3M. M. Davis, The Howard Hughes Medical Institute, Department of Microbiology and Immunology, Beckman Center, Room B221, Stanford University, Stanford, CA 94305-5428, USA.

Tóm tắt

Identification and characterization of antigen-specific T lymphocytes during the course of an immune response is tedious and indirect.
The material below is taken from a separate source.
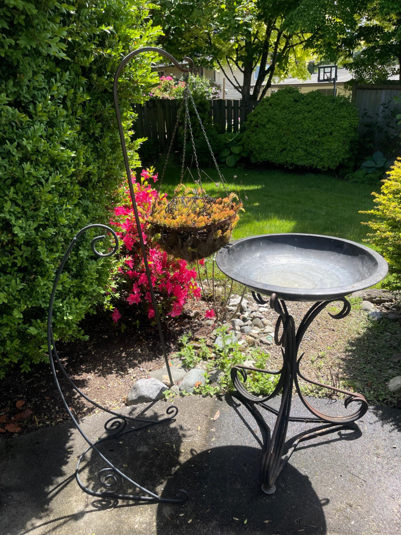 Iron Garden Bird Bath & 2 Plant Stands – Sturdy Outdoor Set

To address this problem, the peptide-major histocompatability complex (MHC) ligand for a given population of T cells was multimerized to make soluble peptide-MHC tetramers. Tetramers of human lymphocyte antigen A2 that were complexed with two different human immunodeficiency virus (HIV)-derived peptides or with a peptide derived from influenza A matrix protein bound to peptide-specific cytotoxic T cells in vitro and to T cells from the blood of HIV-infected individuals. In general, tetramer binding correlated well with cytotoxicity assays. This approach should be useful in the analysis of T cells specific for infectious agents, tumors, and autoantigens.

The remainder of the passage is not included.